To date, there is no established IVPT for the UV absorbers for the human replacement of skin. Three commonly used UV absorbers (EHM, DHHB, and PBSA) were selected for this paper. (1) The IVPT parameters for the UV absorbers were evaluated and improved using a Franz diffusion cell to establish a theoretical basis for exploring clinical penetration test conditions. The parameters contained the temperature range (25, 32, 37 °C); the dose of the test substance (liquid supply 0.0063, 1, 3 g, i.e., 2, 318.47, 955.41 mg cm−2); the receptor fluid (PBS solution (pH = 7.4) and PBS solution with 50% ethanol); and the type of membrane (porcine ear skin, porcine dorsal skin, Strat-3M) for the diffusion cell’s receptor fluid. (2) To design safer sunscreen products, the evaluation employed the improved IVPT method to assess the penetration of UV absorbers in various formulation samples.

2. Materials and Methods

2.1. Materials

Ethylhexyl methoxycinnamate (Uvinul® MC 80, EHM) and diethylamino benzoyl hexyl benzoate (Uvinul® A plus, DHHB) was purchased from BASF (Ludwigshafen, Germany). TEA-Phenyl benzimidazole sulfonate (Parsol® HS, PBSA) was purchased from DSM (Heerlen, The Netherlands). Jojoba oil and caprylic/capric triglyceride were purchased from Evonik Industries AG (Essen, Germany). 1,2-pentanediol was purchased from Sigma-Aldrich (St. Louis, MO, USA). Sepimax Zen (polyacrylate cross polymer-6) and Montanov L (C14-22 Alcohol (and) C12-20 Alkyl Glucoside) were purchased from Seppic (Courbevoie, France). Stearyl polyether-2-21 was purchased from Croda (Cowick Hall, UK). Isopropyl myristate, ethanol, glycerol, Hansen gum Tween-80 (sorbitan monooleate) and Span-80 (polyoxyethylene (20) monooleate dehydrated sorbitol ester) were purchased from Greagent (Shanghai, China). PBS (phosphate-buffered saline) was purchased from Solarbio (Beijing, China). Methanol (HPLC grade) was purchased from Adamas (Shanghai, China). Formic acid (LC/MS grade) was purchased from Fisher (Hampton, NH, USA).

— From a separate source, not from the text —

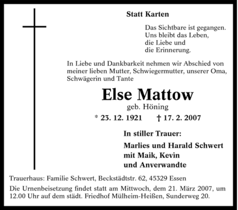 Hier finden Sie alle Traueranzeigen aus der Zeitung, die bisher für Else Mattow erschienen sind. Weitere Traueranzeigen, die in der Zeitung erscheinen, werden hier ebenfalls aufgelistet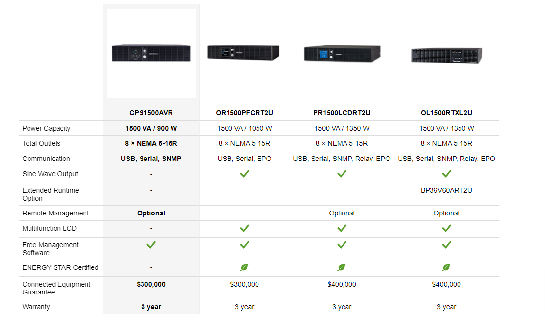 Provides backup power, surge protection and advanced power management capabilities for corporate and departmental applications, including:

2.2. Preparation of Sunscreen Samples

The formulations of the O/W emulsions of EHM, DHHB, and PBSA are described in Table 1, Table 2, Table 3 and Table S1. The formulations of the W/Si emulsions of EHM, DHHB, and PBSA are described in Table 4, Table 5, Table 6 and Table S1.
The procedure for the preparation of the O/W and W/Si emulsions was as follows: Accurately weigh the components in phase A in beaker A; accurately weigh the deionized water in beaker B; then, disperse the remaining components in phase B in the aqueous phase one by one. Place beakers A and B in an HWS-12 electric thermostatic water bath (Shanghai Yiheng Scientific Instruments Co., Shanghai, China) at 85 °C. The solution in beaker B (RW 20 digital display overhead mechanical stirrer, IKA, Königswinter, Germany) was stirred for 5 min at 500 rpm and homogenized for 3 min at 13,200 rpm (T 18 high-speed disperser, IKA, Germany). After homogenization, stir at 300 rpm to reduce the temperature to 50 °C, add the C-phase components, and continue stirring until room temperature.
The formulation of the gel of PBSA is described in Table 7. The gel is prepared by accurately weighing the deionized water in a beaker; then dispersing the UV absorber, deionized water, glycerol, and Hansen gum one by one in the aqueous phase; heating the solution in beaker B to 80 °C while stirring at 500 rpm; then stirring at 300 rpm to lower the temperature; and then adding 1,2-pentanediol when the temperature drops to 50 °C and continuing to stir until room temperature.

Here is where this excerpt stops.